In vivo, O. elongatum extracts demonstrated noteworthy antifungal activity, exerting a significant inhibitory effect on infection severity (p ≤ 0.01). This effect was observed for both organic and aqueous extracts with different degrees depending on the type of extract and concentration (Table 3). The majority of the concentrations tested from both aqueous and organic extracts induced significantly lower disease severity index scores compared to the control group (100%).
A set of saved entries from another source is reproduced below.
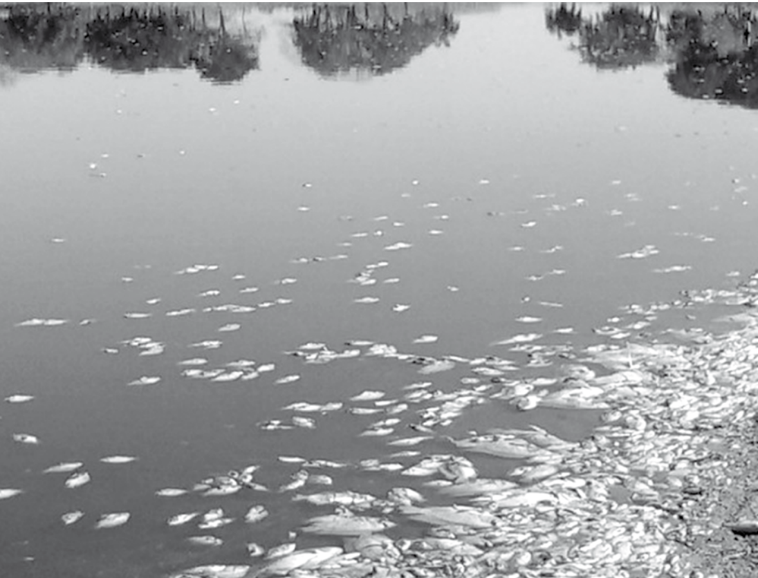
Cetesb investiga o que poderia ter causado morte de peixes

Suspeita é de que a falta de oxigênio na água tenha causado as mortes e amostras da água foram coletadas para análise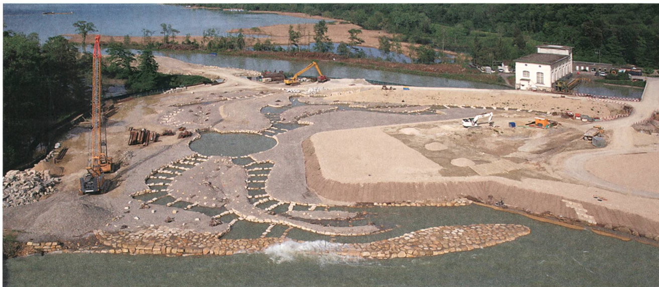
Bild 4 Viel Raum wurde der Fischgängigkeit eingeräumt. Hinten sieht man das alte Kraftwerk.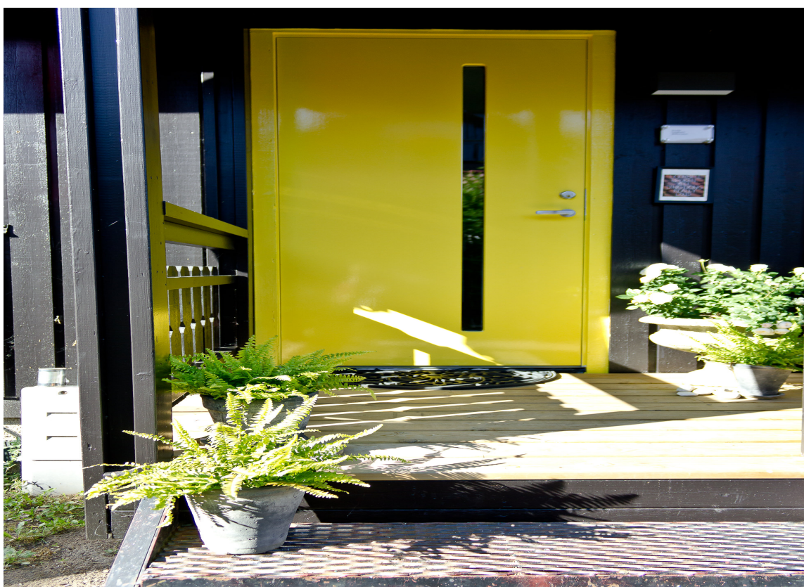
GULT ER KULT: Den gule døren står flott mot de mørke veggene.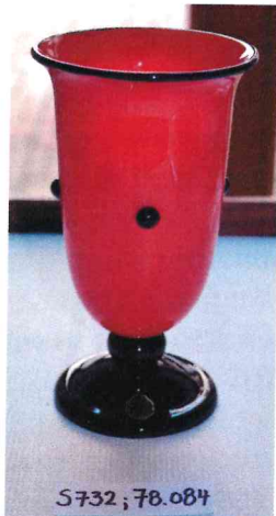
9. / 78.084 / S 732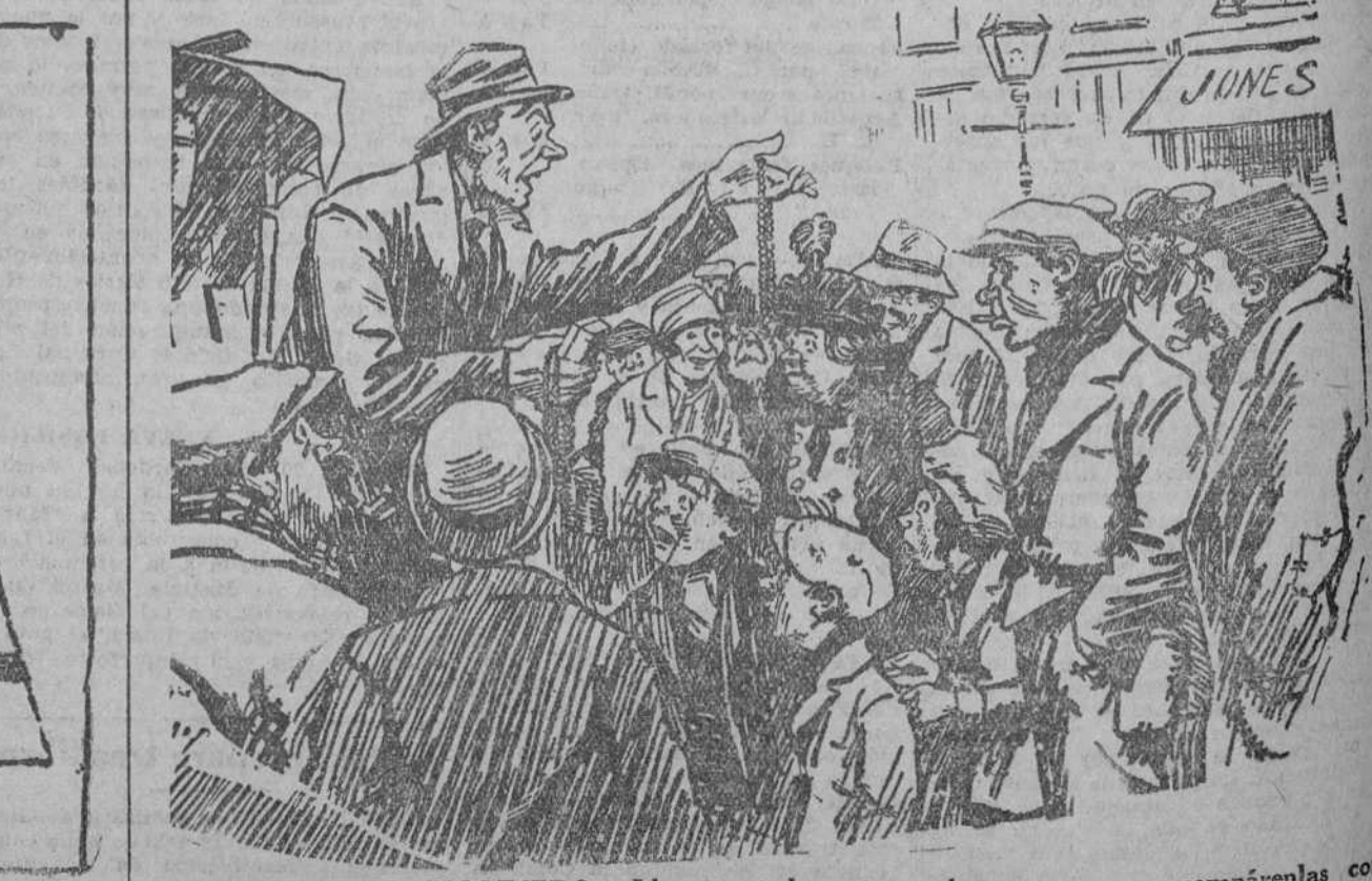
EL VENDEDOR CALLEJERO.—Lleven ustedes estas perlas a su casa y compárenlas con unas buenas... Si encuentran ustedes alguna diferencia, tráiganlas y se les devolverá el dinero. ("London Opinion", Londres.)

It is important to note that lower severity values indicate higher effectiveness of the extracts. Notably, the aqueous extract at a concentration of 25 mg/mL exhibited the most potent inhibitory effect against P. infestans (p < 0.001), while 10 mg/mL elicited the lowest inhibitory effect. Moreover, the efficacy of the methanol extract (ME) was found to be remarkable as it demonstrated the highest inhibition of late blight disease severity, reaching approximately 95% at a concentration of 20 mg/mL. Similar inhibitory effects were observed for all tested organic extracts with dose-dependent efficiencies. Both ME and chloroform extract (CE) displayed significantly lower severity rates compared to hexane extract (HE). At a concentration of 10 mg/mL, CE showed the highest severity, followed by ME, while the lowest severity was observed using HE. At a concentration of 20 mg/mL, ME exhibited the lowest severity, followed by EC and HE, respectively (Table 3).

Table 3

Table 3 Effect of Origanum elongatum extracts on the disease severity Phytophthora infestans noted after 10 days of incubation at 25°C on potato leaves.
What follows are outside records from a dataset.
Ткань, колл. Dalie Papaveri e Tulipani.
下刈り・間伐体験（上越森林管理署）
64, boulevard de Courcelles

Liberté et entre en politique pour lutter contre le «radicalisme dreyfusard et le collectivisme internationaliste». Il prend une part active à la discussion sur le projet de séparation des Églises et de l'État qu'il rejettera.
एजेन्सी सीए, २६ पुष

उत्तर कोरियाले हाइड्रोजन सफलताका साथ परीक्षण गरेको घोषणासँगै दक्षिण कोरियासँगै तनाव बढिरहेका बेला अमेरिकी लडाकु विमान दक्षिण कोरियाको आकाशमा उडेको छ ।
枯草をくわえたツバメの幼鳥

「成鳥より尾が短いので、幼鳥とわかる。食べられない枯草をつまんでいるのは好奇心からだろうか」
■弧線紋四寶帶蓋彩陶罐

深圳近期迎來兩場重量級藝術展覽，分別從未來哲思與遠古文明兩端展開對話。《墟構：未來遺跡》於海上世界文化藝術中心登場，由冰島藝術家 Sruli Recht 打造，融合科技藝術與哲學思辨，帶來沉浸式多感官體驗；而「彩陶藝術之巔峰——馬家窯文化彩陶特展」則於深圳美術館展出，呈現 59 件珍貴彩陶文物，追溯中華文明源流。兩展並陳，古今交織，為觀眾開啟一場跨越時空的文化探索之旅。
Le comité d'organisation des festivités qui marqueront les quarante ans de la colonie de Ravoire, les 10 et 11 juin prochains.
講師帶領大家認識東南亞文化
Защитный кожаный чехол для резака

3.3.2 Effect of O. elongatum organic and aqueous extracts on P. infestans AUDPC

The values of AUDPC of both organic and aqueous extracts of O. elongatum are presented in Table 4. The lowest values of AUDPC indicate great effectiveness against P. infestans. The findings indicated dose-dependent inhibitory effects using aqueous and organic extracts (p < 0.001). In terms of comparison among organic extracts, HE showed the lowest inhibitory effects against P. infestans in all tested concentrations compared to CE and ME (p < 0.05). In 20 mg/mL and 10 mg/mL, the ME showed the highest inhibitory capacity, while in 5 mg/mL, the highest effectiveness was detected in CE (p < 0.05).

Table 4

Table 4 Comparison of AUDPC values between the extracts and concentrations.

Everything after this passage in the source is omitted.